>>>>
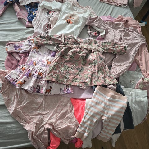 Myydään vaatepaketti, koko 62. Sisältää 5 kpl pitkähihaisia bodyja, 1 lappufarkut sekä 3 kpl housuja.
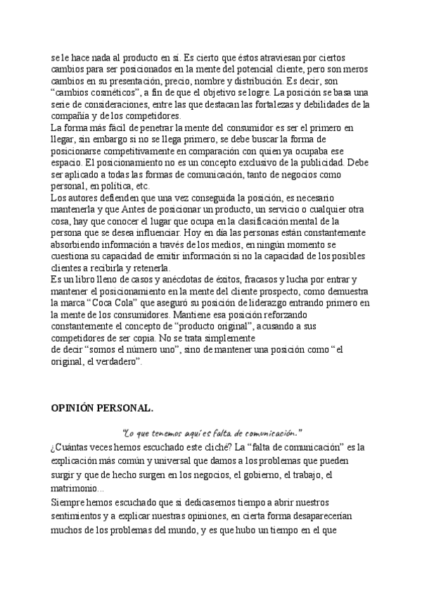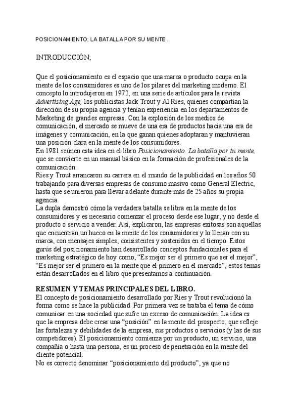 He publicado nuevos trabajos de 1º Teoría de la Publicidad: POSICIONAMIENTO- LA BATALLA POR SU MENTE.pdf
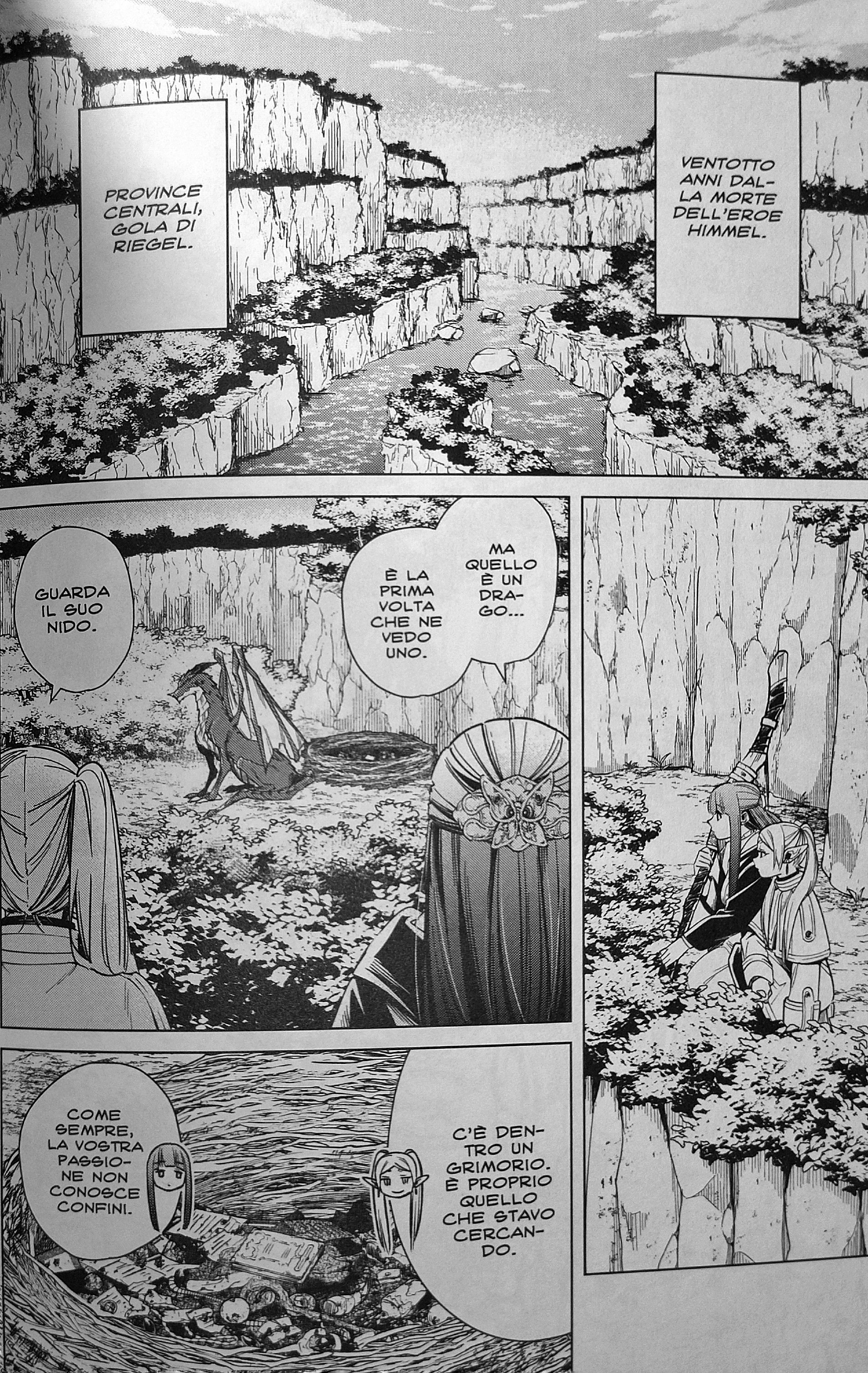 I nostri eroi si trovano nuovamente a non avanzare più di tanto, nel tempo di poche pagine, e quindi anche questo capitolo offre più che altro solo delle riflessioni interessanti, ma nulla di super potente... O forse si, perché stranamente la mattina Frieren si sveglia presto, e Fern rimane sbigottita; ma sarà semplicemente lo stare fuori nella natura, anziché dentro in una bella casa, che non l'ha fatta dormire al meglio, secondo me. Fern ha anche fatto pace con Stark, ma ha qualche problema di linguaggio per cui tende a chiamarlo "signore" nonostante siano praticamente coetanei... e, se lui le chiede di non farlo, le escono solo toni aspri ed imperativi... lasciamo stare!
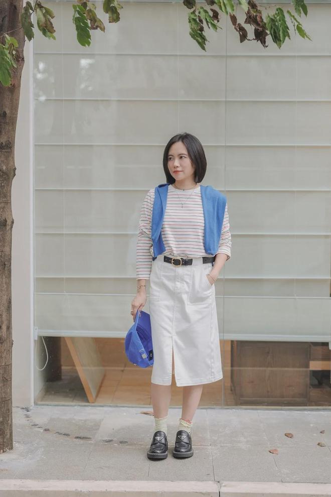 白色牛仔半裙是这两年才真正get到的单品。原来总觉得这种过膝的直筒牛仔半裙太板正了,穿起来容易严肃老气。
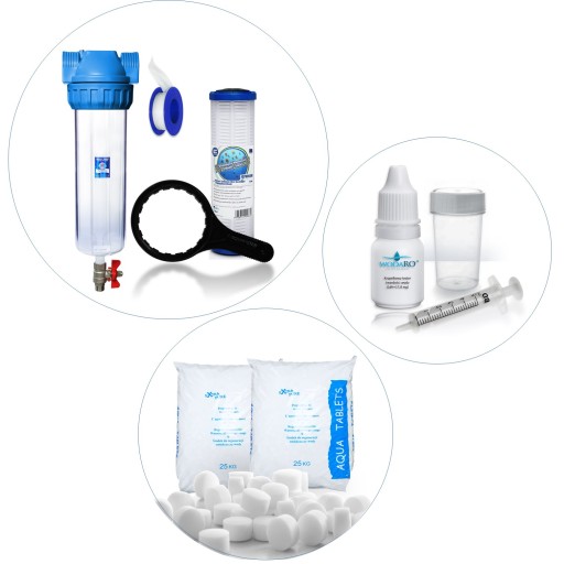 Zestaw montowany przed zmiękczaczem w celu poprawy jakości wody a tym samym ochrony złoża znajdującego się w zmiękczaczu.
<<<<
After locating the line containing "He publicado nuevos" in the entries above, return it and every line after it exactly, ending at the line containing "白色牛仔半裙是这两年才真正g", without pictures.

* **Exercise result**:
 He publicado nuevos trabajos de 1º Teoría de la Publicidad: POSICIONAMIENTO- LA BATALLA POR SU MENTE.pdf
 I nostri eroi si trovano nuovamente a non avanzare più di tanto, nel tempo di poche pagine, e quindi anche questo capitolo offre più che altro solo delle riflessioni interessanti, ma nulla di super potente... O forse si, perché stranamente la mattina Frieren si sveglia presto, e Fern rimane sbigottita; ma sarà semplicemente lo stare fuori nella natura, anziché dentro in una bella casa, che non l'ha fatta dormire al meglio, secondo me. Fern ha anche fatto pace con Stark, ma ha qualche problema di linguaggio per cui tende a chiamarlo "signore" nonostante siano praticamente coetanei... e, se lui le chiede di non farlo, le escono solo toni aspri ed imperativi... lasciamo stare!
 白色牛仔半裙是这两年才真正get到的单品。原来总觉得这种过膝的直筒牛仔半裙太板正了,穿起来容易严肃老气。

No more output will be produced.